Model Comparison and Best Model Selection
Among the three models, XGBoost showed the highest accuracy (97.96%) and F1-Score (94%). This model balances precision and recall well, making it the best choice for predicting employee churn. While Random Forest also performed well, XGBoost's slight edge in predictive power and its ability to learn from previous errors makes it the most suitable model for this task.
Conclusion and Recommendations
Our analysis reveals that employee satisfaction, workload, tenure, and evaluation scores are critical in predicting turnover. To improve retention, Salifort Motors should focus on enhancing employee satisfaction, balancing workloads, and recognizing and promoting employees timely.
Recommendations:
Focus on improving employee satisfaction as it's a strong predictor for employee churn.

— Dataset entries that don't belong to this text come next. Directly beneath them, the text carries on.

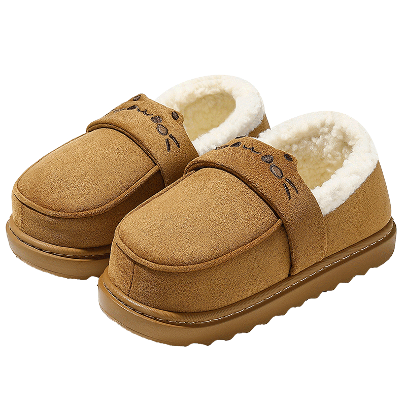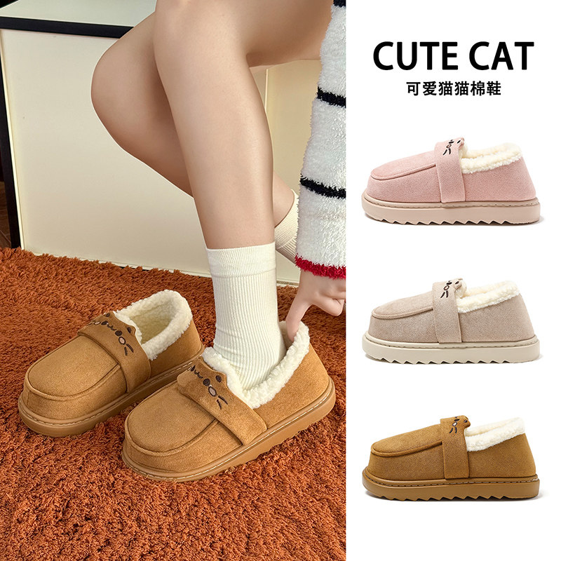 韩式面包棉拖鞋女士冬季2025新款居家包跟厚底保暖可爱小猫乐福鞋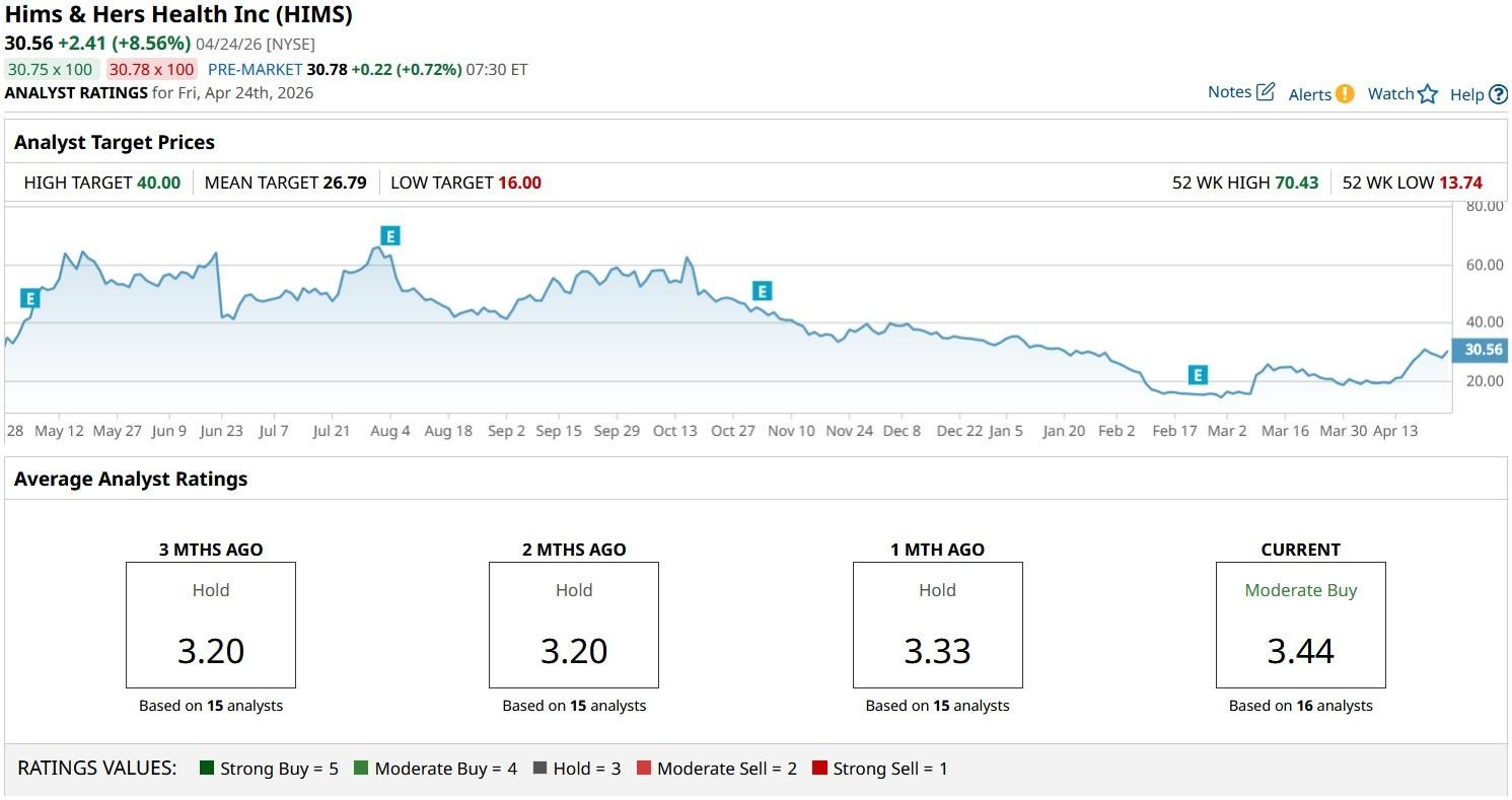 According to Barchart, the consensus rating on HIMS stock sits at a “Moderate Buy” currently, with price targets as high as $40, suggesting it’s not too late to invest in it yet.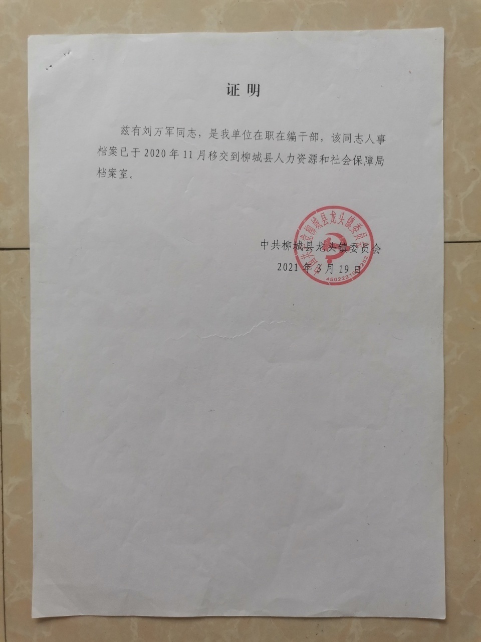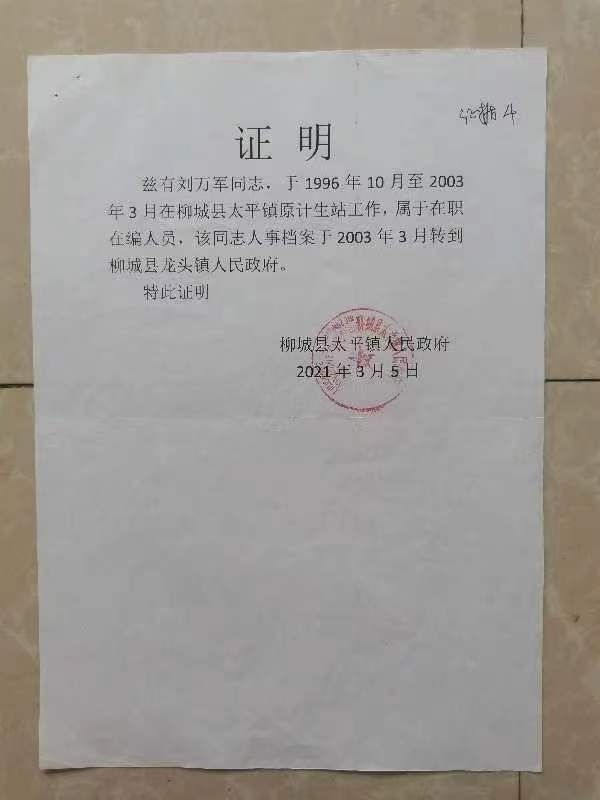 柳城县太平镇和龙头镇都曾出具《证明》,指出刘万军属“在职在编人员”。图/刘万军提供

Monitor employees with specific tenure or those working on many projects as they seem to be at a higher risk of leaving.
Consider employee retention programs or initiatives.
Periodically survey employee satisfaction to intervene if a decline is noted.
Next Steps:
Further analyze what causes employee dissatisfaction.
Explore if providing additional perks or benefits to employees with certain characteristics (like many projects or longer tenure) can reduce churn.
About the Project
This project represents a thorough analysis of employee retention factors at Salifort Motors. It combines data science techniques with practical business insights to provide actionable recommendations for the HR department. For those interested, the complete code and analysis can be found in the accompanying Python code.
Note: This project was part of the Google Advanced Data Analytics Capstone course on Coursera. The dataset used in this project is credited to the course.